The INTO also voted yesterday to demand the establishment of a "proper representative forum" to address the challenges and difficulties faced by teachers in interdenominational schools.

The general secretary, Mr John Carr, described as "scandalous" the lack of an agreed understanding on how religion should be taught in interdenominational schools, and demanded a clear policy before any more interdenominational schools are sanctioned.

A passionate debate on the subject enlivened the hall on the third day of the conference. It showed that, a year after the controversy over the teaching of religion in the interdenominational Gaelscoil Thulach na nÓg in Co Meath, the issue continues to annoy primary teachers.

"I reject totally the idea that a vague and woolly but no doubt well-intentioned notion of bringing children together for religious education constitutes any form of interdenominational education," Mr Carr said.

Mr Tomás Ó Dúlaing, former principal of the gaelscoil and now the principal of Grifeen Valley School, a multidenominational school in Lucan, Co Dublin, told delegates "the idea that teachers can be intimidated into compromising our relationships with children of religious minorities is flawed". Six- and seven-year-old Protestant children were experiencing "devastation and hurt in classrooms as the result of the imposition of directives on religion", he claimed.

It was wrong that non-Catholic children either had to sit through preparation classes for First Holy Communion, or be withdrawn from class by their parents.

Children of minority religions were being marginalised, he added. One of the great tragedies in interdenominational schools to date was an unwillingness by the powers that be to seek out consensus, and instead to seek to impose, to intimidate and to sanction.

He then described as a "dying species" people who continued to push the idea of the teaching of Catholicism to all children in interdenominational schools.

Mr Carr commented: "We've come a long way when we can openly discuss religion without fear of the church."
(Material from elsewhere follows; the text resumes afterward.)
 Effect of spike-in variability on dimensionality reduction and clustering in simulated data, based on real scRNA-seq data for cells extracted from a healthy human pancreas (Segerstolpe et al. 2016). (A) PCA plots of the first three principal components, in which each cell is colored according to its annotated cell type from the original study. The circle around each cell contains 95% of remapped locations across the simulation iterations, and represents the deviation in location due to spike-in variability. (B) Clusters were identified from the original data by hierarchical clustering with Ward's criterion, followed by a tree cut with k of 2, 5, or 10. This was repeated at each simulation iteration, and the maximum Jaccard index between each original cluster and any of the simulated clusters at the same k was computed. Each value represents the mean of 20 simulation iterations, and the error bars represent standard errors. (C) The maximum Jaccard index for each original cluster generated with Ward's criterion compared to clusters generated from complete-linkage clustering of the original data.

Proposing the motion, Ms Joan Ward, former president of the INTO, presented the results of an INTO survey showing that three-quarters of primary schools had children of mixed faiths.

Irish people, who were nominally Catholic, had become à la carte in their approach to Catholicism and no longer looked to the church for guidance on matters of civil law. Some children needed tours of churches before First Communion because they had never stepped inside a church before.
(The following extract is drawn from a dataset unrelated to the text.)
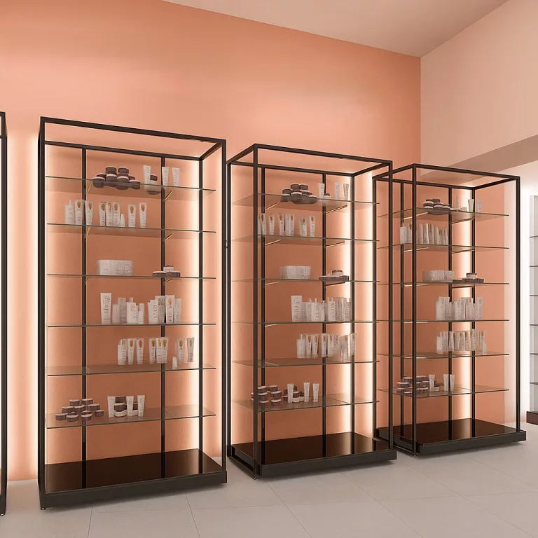 Tres estanterías de estructura autoportantes en tubo cuadrado de 25×25.

Some teachers were frustrated preparing their pupils for two performances a year: First Communion and the Christmas play, she added.

Ms Ward quoted a teacher as stating: "Preparing children for the sacraments is a sham."

Another teacher said she was fighting a losing battle and expressed shock that, when preparing her class for Confirmation recently, she learned one-third of the pupils had not been to Confession since making their first Confession in school.

The INTO also reiterated its opposition to discrimination in employment on the basis of religion.

While no case of a teacher being hired or fired on the basis of religious belief has arisen recently, the INTO still sees the potential for such action.

Mr Cronin said: "It is unacceptable that religious discrimination is still allowed by law in our schools. The idea that someone can lose his or her job because he or she holds beliefs contrary to the ethos of a school is abominable."